▸ WHAT YOU WILL DO
Copy the lines below exactly, starting at the one with "Das Knetspaß Café" and ending at the one with "Henry Mainwaring también", and leave out any picture.

▸ MATERIAL FOR THIS TASK
►
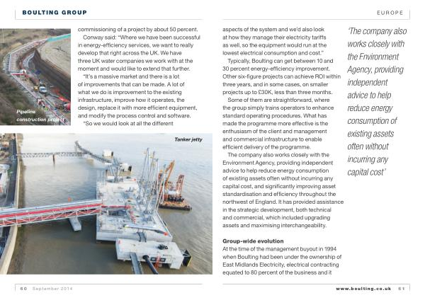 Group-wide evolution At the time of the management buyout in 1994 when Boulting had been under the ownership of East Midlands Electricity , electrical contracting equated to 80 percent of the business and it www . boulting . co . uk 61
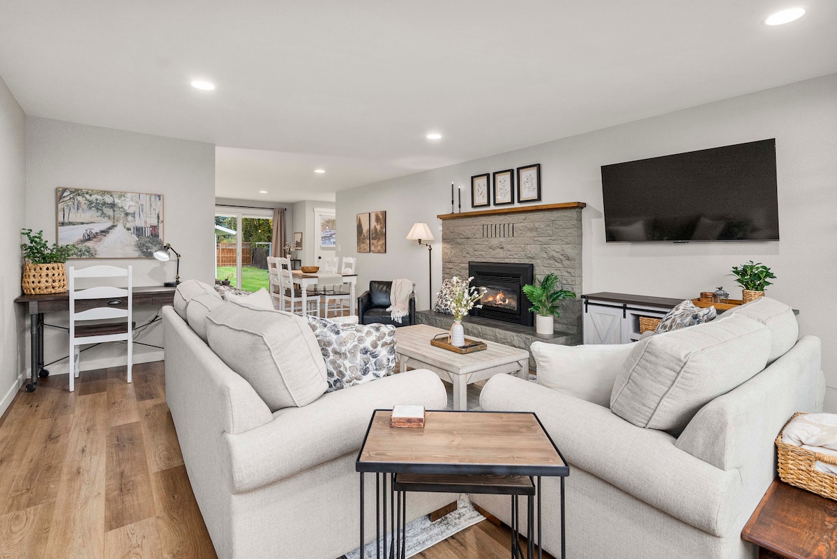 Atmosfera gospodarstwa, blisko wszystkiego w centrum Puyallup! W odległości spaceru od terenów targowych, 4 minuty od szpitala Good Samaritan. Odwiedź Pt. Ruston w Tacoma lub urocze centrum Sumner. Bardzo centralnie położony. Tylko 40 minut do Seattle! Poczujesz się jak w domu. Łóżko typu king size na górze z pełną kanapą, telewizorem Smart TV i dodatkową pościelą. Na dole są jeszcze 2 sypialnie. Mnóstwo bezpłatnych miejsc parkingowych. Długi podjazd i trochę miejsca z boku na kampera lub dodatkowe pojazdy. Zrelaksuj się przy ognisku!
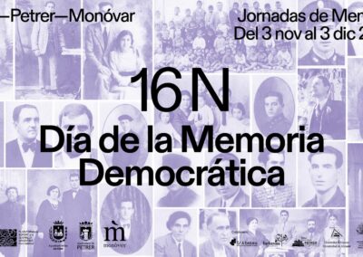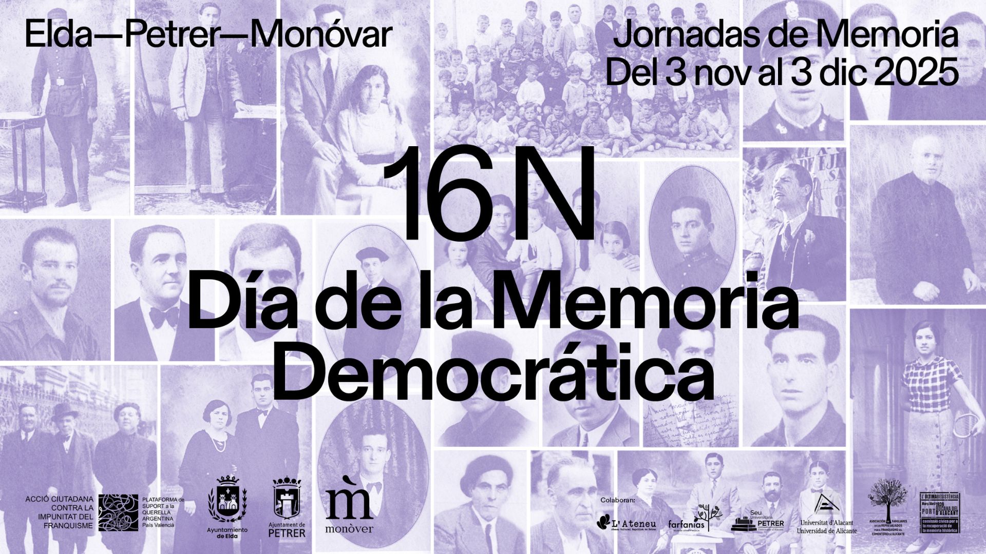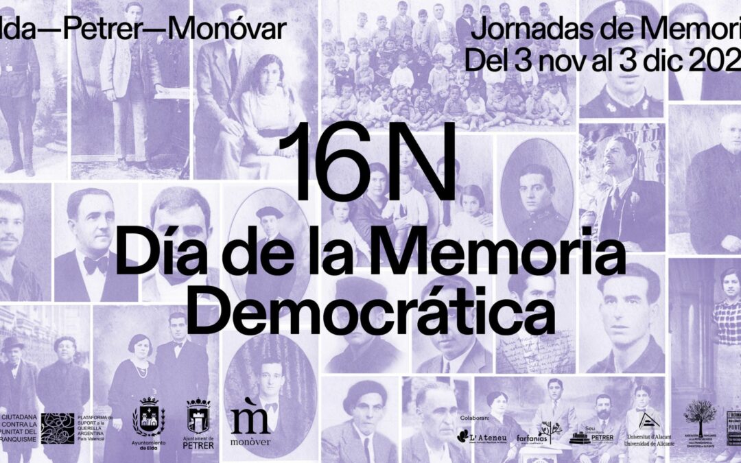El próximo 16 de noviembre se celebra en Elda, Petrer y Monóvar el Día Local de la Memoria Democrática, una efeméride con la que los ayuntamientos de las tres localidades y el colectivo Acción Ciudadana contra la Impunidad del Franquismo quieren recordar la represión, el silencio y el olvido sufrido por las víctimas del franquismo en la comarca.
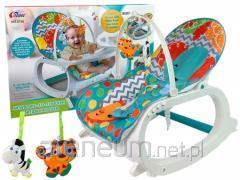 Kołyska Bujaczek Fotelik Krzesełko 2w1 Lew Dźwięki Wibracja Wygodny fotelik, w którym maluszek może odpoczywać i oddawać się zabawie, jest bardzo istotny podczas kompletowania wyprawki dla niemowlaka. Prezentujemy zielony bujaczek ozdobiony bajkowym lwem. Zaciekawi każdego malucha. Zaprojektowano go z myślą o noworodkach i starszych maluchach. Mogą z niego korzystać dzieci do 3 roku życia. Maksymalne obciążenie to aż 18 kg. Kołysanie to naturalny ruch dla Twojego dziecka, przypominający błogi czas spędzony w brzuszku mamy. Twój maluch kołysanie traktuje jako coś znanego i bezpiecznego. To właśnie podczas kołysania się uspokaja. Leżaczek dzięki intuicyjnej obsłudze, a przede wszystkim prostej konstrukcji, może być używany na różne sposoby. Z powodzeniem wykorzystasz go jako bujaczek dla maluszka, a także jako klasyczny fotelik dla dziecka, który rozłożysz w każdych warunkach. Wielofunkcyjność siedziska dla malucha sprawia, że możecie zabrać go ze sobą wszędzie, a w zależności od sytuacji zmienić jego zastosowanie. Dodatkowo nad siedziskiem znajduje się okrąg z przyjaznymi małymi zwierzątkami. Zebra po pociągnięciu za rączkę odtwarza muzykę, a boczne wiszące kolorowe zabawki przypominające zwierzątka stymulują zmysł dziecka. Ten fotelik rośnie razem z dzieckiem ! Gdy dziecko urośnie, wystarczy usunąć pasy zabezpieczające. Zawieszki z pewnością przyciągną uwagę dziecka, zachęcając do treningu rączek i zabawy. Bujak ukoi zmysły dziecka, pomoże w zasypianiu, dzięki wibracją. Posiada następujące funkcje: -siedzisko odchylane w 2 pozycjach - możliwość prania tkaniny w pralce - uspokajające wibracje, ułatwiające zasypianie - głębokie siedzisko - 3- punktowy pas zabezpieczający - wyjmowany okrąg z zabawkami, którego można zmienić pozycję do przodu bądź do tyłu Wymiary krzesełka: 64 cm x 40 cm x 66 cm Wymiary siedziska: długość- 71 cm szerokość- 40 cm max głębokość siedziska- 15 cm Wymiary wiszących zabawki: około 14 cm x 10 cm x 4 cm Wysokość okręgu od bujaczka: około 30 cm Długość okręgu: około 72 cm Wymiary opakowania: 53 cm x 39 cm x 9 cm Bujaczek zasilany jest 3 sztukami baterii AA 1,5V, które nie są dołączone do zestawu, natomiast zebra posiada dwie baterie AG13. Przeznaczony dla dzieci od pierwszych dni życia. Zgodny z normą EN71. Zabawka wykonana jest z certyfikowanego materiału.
◄
►
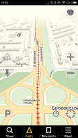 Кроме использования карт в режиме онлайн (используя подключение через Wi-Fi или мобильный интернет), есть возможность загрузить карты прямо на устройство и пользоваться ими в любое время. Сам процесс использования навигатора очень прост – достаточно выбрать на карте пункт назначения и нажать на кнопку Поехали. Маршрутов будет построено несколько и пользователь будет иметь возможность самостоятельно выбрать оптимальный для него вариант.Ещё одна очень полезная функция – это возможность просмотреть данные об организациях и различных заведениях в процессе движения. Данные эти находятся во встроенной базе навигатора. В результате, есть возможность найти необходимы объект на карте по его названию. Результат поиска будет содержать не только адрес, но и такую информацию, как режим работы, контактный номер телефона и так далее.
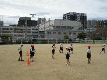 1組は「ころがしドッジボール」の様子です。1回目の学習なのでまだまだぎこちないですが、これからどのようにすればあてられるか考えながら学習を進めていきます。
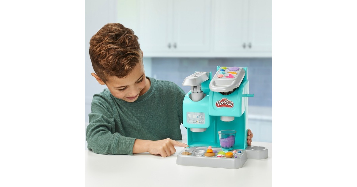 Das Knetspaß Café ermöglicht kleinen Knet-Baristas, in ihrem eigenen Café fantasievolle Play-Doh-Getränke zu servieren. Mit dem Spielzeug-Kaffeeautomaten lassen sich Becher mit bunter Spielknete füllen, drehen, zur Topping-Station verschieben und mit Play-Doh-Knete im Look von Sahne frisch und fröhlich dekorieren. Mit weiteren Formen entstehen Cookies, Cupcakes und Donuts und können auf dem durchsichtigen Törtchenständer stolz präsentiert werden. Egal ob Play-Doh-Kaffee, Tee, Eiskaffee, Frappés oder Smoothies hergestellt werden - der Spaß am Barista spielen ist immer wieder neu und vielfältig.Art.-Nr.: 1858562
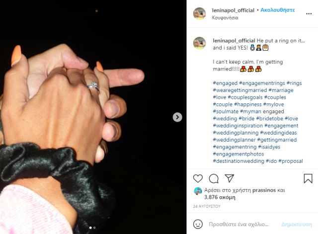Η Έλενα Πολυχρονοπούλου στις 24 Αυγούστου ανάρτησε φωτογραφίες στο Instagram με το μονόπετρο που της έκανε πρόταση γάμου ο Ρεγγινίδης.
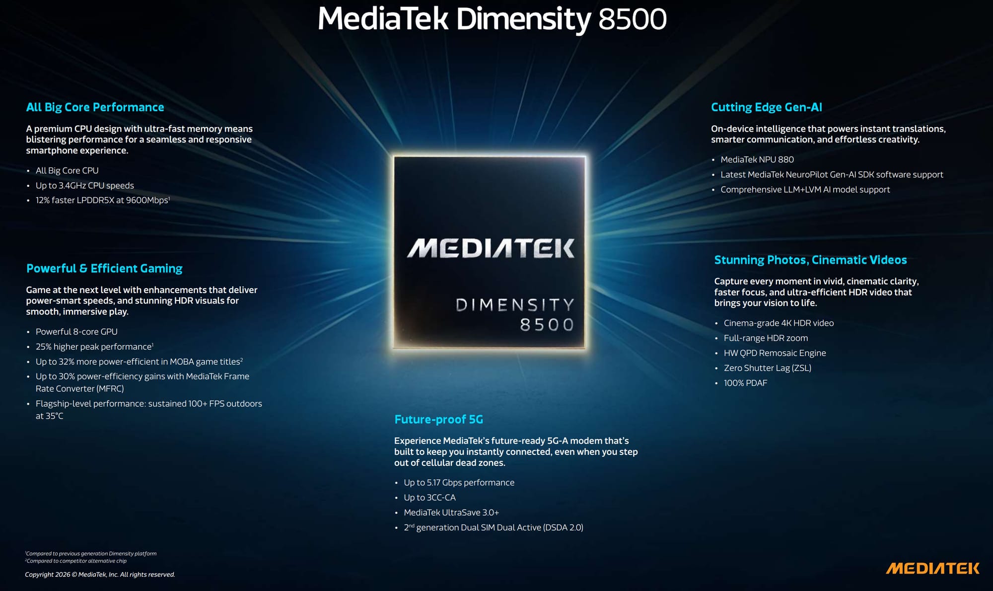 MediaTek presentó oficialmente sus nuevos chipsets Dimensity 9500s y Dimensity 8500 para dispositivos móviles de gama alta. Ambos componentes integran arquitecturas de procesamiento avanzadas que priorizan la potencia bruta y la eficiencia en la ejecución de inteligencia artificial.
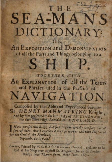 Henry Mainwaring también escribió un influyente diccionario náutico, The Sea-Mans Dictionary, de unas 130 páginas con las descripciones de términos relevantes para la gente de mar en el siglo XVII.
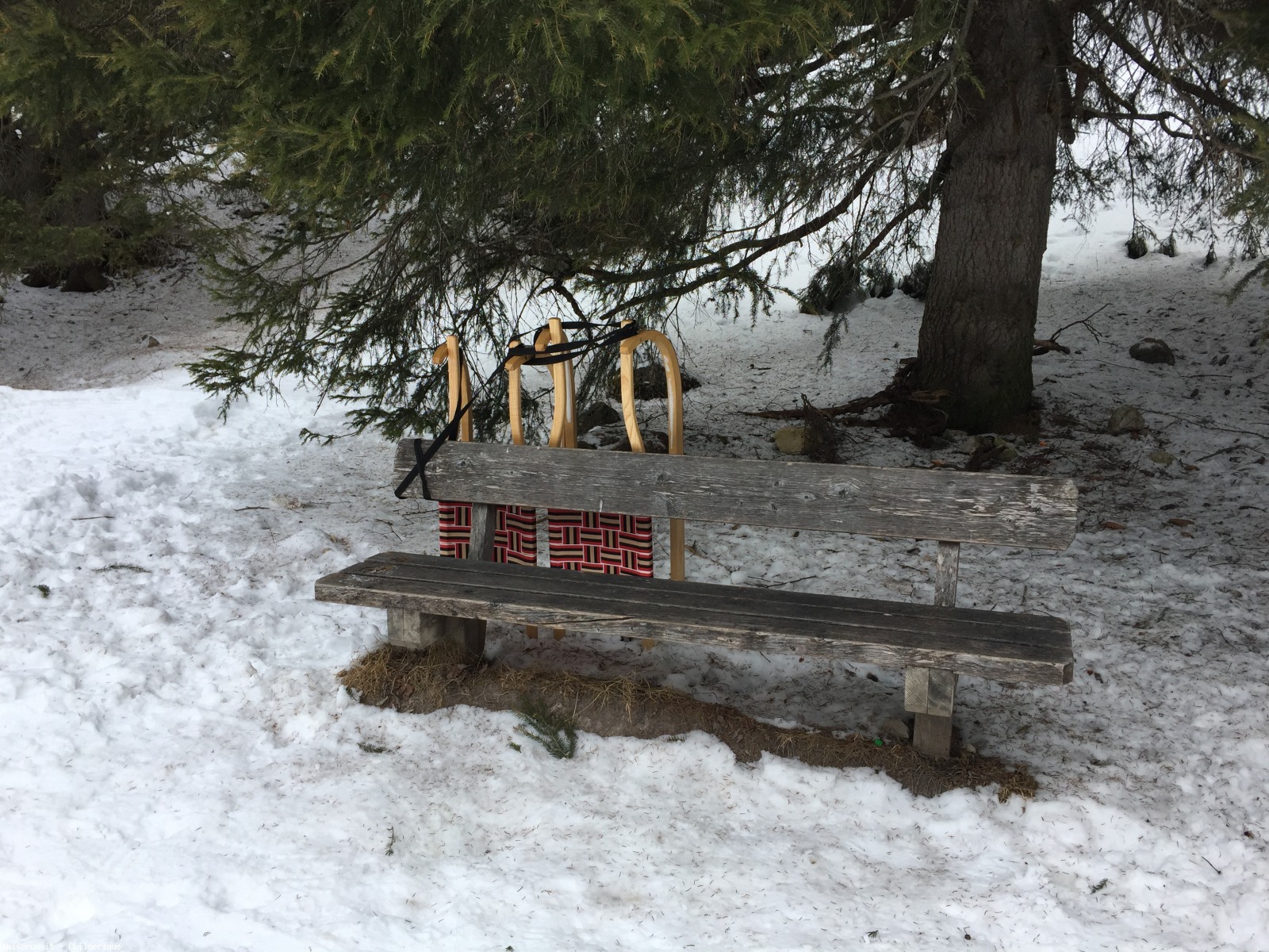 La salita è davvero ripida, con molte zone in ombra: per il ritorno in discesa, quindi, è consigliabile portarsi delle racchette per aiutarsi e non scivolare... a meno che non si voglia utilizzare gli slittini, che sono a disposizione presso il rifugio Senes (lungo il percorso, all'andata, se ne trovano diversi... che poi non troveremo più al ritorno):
◄
►
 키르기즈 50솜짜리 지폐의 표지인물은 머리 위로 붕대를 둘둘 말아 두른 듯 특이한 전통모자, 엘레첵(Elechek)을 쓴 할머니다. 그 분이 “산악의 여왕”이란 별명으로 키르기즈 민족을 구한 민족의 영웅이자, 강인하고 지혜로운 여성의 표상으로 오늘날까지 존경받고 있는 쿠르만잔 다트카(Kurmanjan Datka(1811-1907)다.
◄
▸ YOUR SOLUTION
 Das Knetspaß Café ermöglicht kleinen Knet-Baristas, in ihrem eigenen Café fantasievolle Play-Doh-Getränke zu servieren. Mit dem Spielzeug-Kaffeeautomaten lassen sich Becher mit bunter Spielknete füllen, drehen, zur Topping-Station verschieben und mit Play-Doh-Knete im Look von Sahne frisch und fröhlich dekorieren. Mit weiteren Formen entstehen Cookies, Cupcakes und Donuts und können auf dem durchsichtigen Törtchenständer stolz präsentiert werden. Egal ob Play-Doh-Kaffee, Tee, Eiskaffee, Frappés oder Smoothies hergestellt werden - der Spaß am Barista spielen ist immer wieder neu und vielfältig.Art.-Nr.: 1858562
Η Έλενα Πολυχρονοπούλου στις 24 Αυγούστου ανάρτησε φωτογραφίες στο Instagram με το μονόπετρο που της έκανε πρόταση γάμου ο Ρεγγινίδης.
 MediaTek presentó oficialmente sus nuevos chipsets Dimensity 9500s y Dimensity 8500 para dispositivos móviles de gama alta. Ambos componentes integran arquitecturas de procesamiento avanzadas que priorizan la potencia bruta y la eficiencia en la ejecución de inteligencia artificial.
 Henry Mainwaring también escribió un influyente diccionario náutico, The Sea-Mans Dictionary, de unas 130 páginas con las descripciones de términos relevantes para la gente de mar en el siglo XVII.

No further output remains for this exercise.